Evaluate model performance

Use tfjs Model.evaluate to get the loss and accuracy on the test dataset.

// @ts-expect-error expected Tensor<Rank> type
const evalResult = classifier.evaluate(xVal, yVal, {
  batchSize: 32,
});

console.log("Evaluation complete.");
const loss = evalResult[0].dataSync()[0];
const acc = evalResult[1].dataSync()[0];
console.log(`Test Loss: ${loss.toFixed(4)}`);
console.log(`Test Accuracy: ${acc.toFixed(4)}`);

Evaluation complete.
Test Loss: 0.5208
Test Accuracy: 0.8900

One way to evaluate your model performance is to visualize the classifier performance. Use plotHistory to see the loss and accuracy trends over the epochs.
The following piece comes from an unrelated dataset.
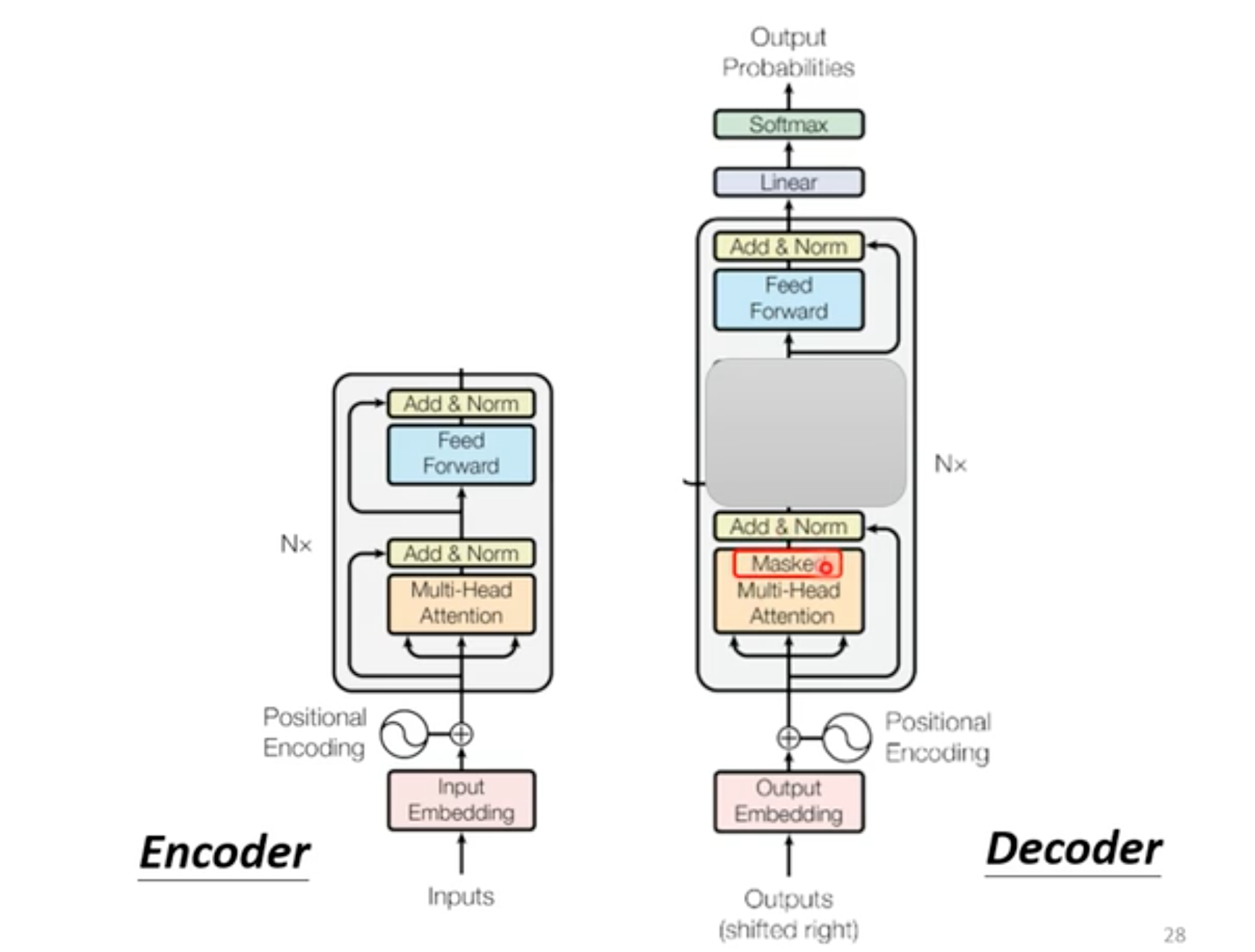 可以发现,除去中间的部分之后,encoder和decoder剩下的部分几乎是一样的,除了attention部分用的是masked multi-head attention。那masked 是指什么意思呢?
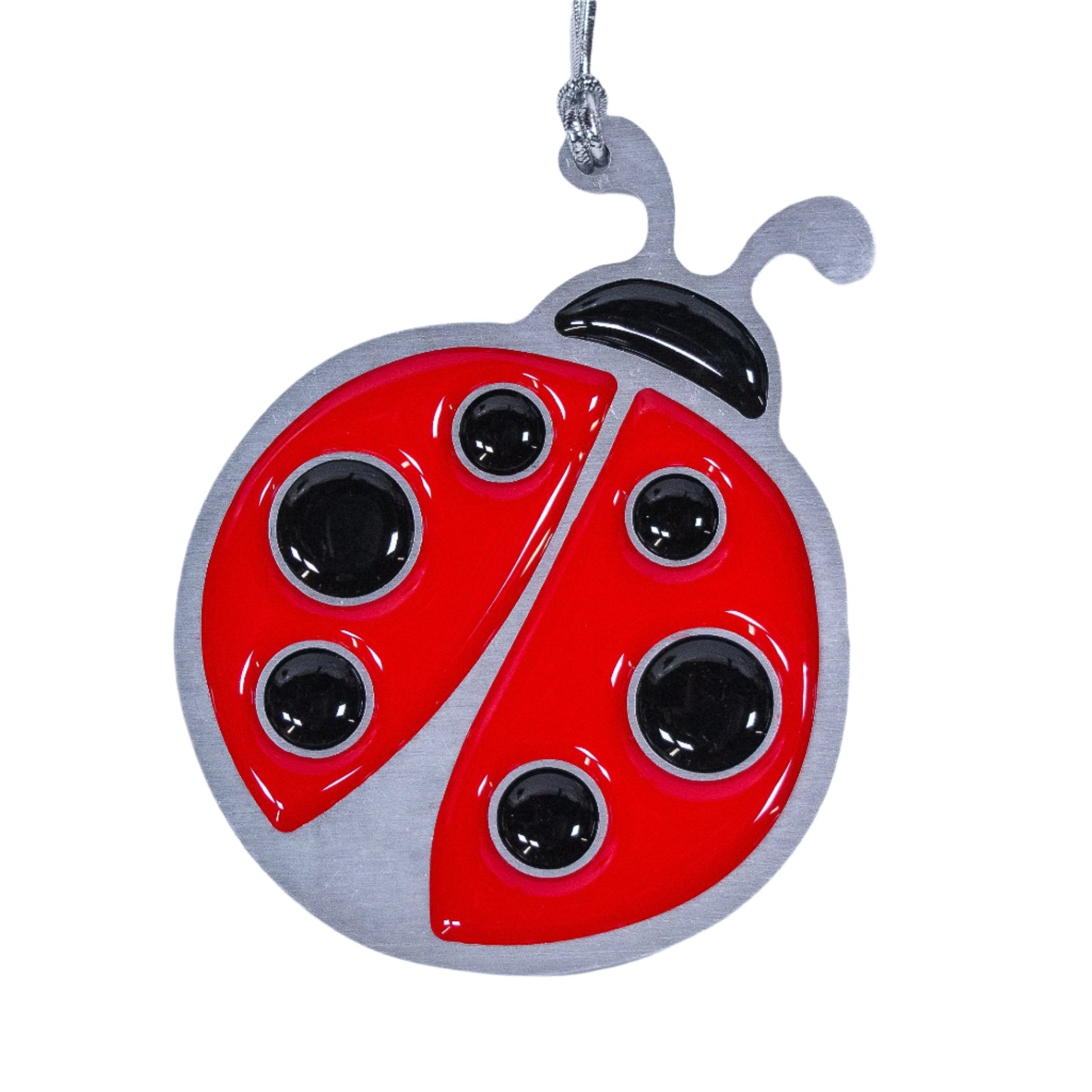Made from lightweight aluminum. Colorful resin infill. Design is one sided. Approximate size 3".

import { History } from "@tensorflow/tfjs-node";

function plotHistory(history: History) {
  const epochs = history.epoch;

  const lossTrace = {
    x: epochs,
    y: history.history.loss,
    type: "scatter",
    mode: "lines+markers",
    name: "Train Loss",
    xaxis: "x1",
    yaxis: "y1",
    line: { color: "#1f77b4" },
  };

  const valLossTrace = {
    x: epochs,
    y: history.history.val_loss,
    type: "scatter",
    mode: "lines+markers",
    name: "Validation Loss",
    xaxis: "x1",
    yaxis: "y1",
    line: { color: "#ff7f0e" },
  };

  const accTrace = {
    x: epochs,
    // eslint-disable-next-line @typescript-eslint/no-unnecessary-condition
    y: history.history.acc ?? history.history.accuracy,
    type: "scatter",
    mode: "lines+markers",
    name: "Train Accuracy",
    xaxis: "x2",
    yaxis: "y2",
    line: { color: "#2ca02c" },
  };

  const valAccTrace = {
    x: epochs,
    // eslint-disable-next-line @typescript-eslint/no-unnecessary-condition
    y: history.history.val_acc ?? history.history.val_accuracy,
    type: "scatter",
    mode: "lines+markers",
    name: "Validation Accuracy",
    xaxis: "x2",
    yaxis: "y2",
    line: { color: "#d62728" },
  };

  const html = `
  <div style="width: 100%; height: 600px;">
    <div id="loss-acc-plot" style="width: 100%; height: 100%;"></div>
    <script src="https://cdn.jsdelivr.net/npm/plotly.js-dist@latest/plotly.min.js"></script>
    <script>
      const data = ${JSON.stringify([lossTrace, valLossTrace, accTrace, valAccTrace])};

      const layout = {
        grid: { rows: 1, columns: 2, pattern: "independent" },
        height: 600,
        width: 1200,
        margin: { t: 60, l: 60, r: 40, b: 60 },
        annotations: [
          {
            text: "Loss", x: 0.225, y: 1.12, showarrow: false,
            font: { size: 18 }, xref: "paper", yref: "paper"
          },
          {
            text: "Accuracy", x: 0.775, y: 1.12, showarrow: false,
            font: { size: 18 }, xref: "paper", yref: "paper"
          }
        ],
        xaxis: { title: "Epoch", domain: [0, 0.45] },
        yaxis: { title: "Loss" },
        xaxis2: { title: "Epoch", domain: [0.55, 1] },
        yaxis2: { title: "Accuracy" },
        legend: {
          orientation: "h",
          y: -0.2,
          x: 0.5,
          xanchor: "center",
          font: { size: 12 }
        }
      };

      Plotly.newPlot("loss-acc-plot", data, layout, { responsive: true });
    </script>
  </div>
  `;

  tslab.display.html(html);
}

plotHistory(history);

Another way to view model performance, beyond just measuring loss and accuracy is to use a confusion matrix. The confusion matrix allows you to assess the performance of the classification model beyond accuracy. You can see what misclassified points get classified as. In order to build the confusion matrix for this multi-class classification problem, get the actual values in the test set and the predicted values.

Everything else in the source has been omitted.